* [Exercise prompt]: Beginning with the first line, return the material verbatim and without pictures.
** Opening Given material block **
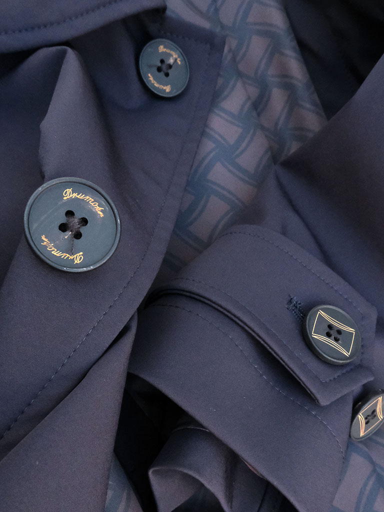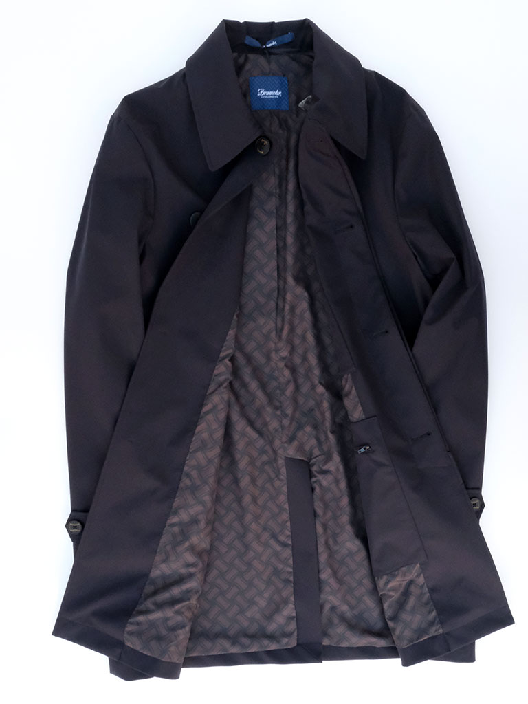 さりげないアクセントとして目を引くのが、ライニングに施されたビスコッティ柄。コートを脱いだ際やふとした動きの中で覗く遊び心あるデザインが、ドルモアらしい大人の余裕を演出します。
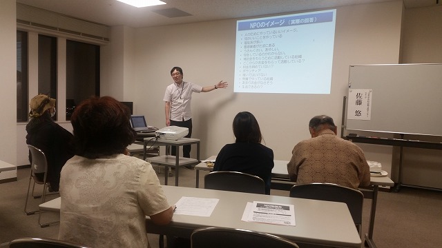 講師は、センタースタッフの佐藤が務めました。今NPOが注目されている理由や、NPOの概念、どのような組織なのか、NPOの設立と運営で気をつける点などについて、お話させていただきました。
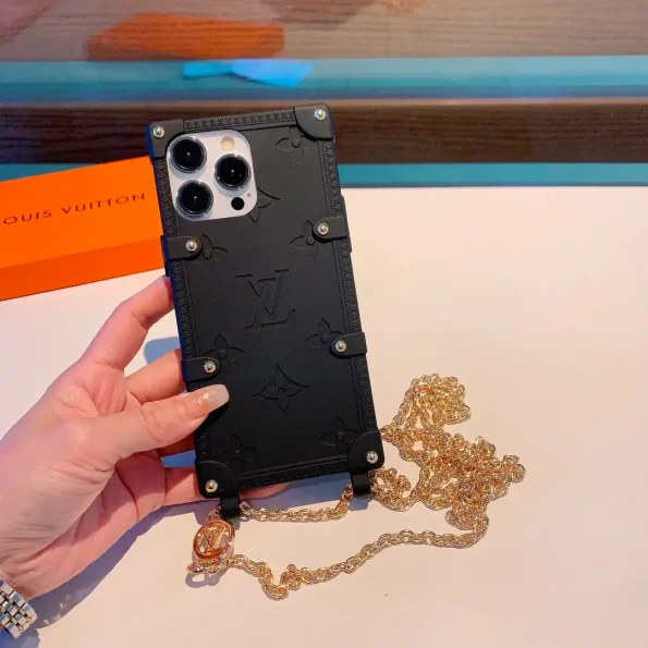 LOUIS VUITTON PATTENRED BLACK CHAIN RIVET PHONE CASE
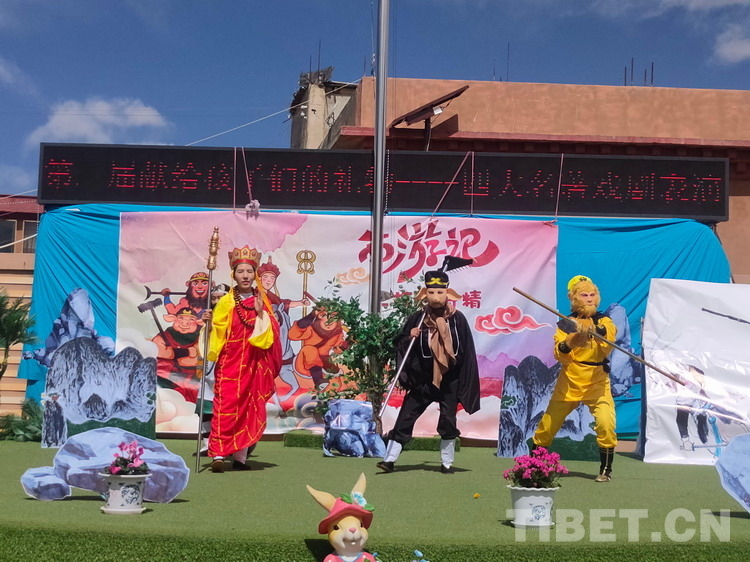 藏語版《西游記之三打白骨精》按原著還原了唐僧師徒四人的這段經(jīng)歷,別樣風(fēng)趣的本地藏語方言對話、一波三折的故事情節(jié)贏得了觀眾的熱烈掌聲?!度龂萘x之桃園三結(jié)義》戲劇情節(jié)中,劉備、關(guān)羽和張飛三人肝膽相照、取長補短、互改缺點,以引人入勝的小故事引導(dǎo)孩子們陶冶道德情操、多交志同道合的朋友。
** Closing Given material block **
* [Result]:
 さりげないアクセントとして目を引くのが、ライニングに施されたビスコッティ柄。コートを脱いだ際やふとした動きの中で覗く遊び心あるデザインが、ドルモアらしい大人の余裕を演出します。
 講師は、センタースタッフの佐藤が務めました。今NPOが注目されている理由や、NPOの概念、どのような組織なのか、NPOの設立と運営で気をつける点などについて、お話させていただきました。
 LOUIS VUITTON PATTENRED BLACK CHAIN RIVET PHONE CASE
 藏語版《西游記之三打白骨精》按原著還原了唐僧師徒四人的這段經(jīng)歷,別樣風(fēng)趣的本地藏語方言對話、一波三折的故事情節(jié)贏得了觀眾的熱烈掌聲?!度龂萘x之桃園三結(jié)義》戲劇情節(jié)中,劉備、關(guān)羽和張飛三人肝膽相照、取長補短、互改缺點,以引人入勝的小故事引導(dǎo)孩子們陶冶道德情操、多交志同道合的朋友。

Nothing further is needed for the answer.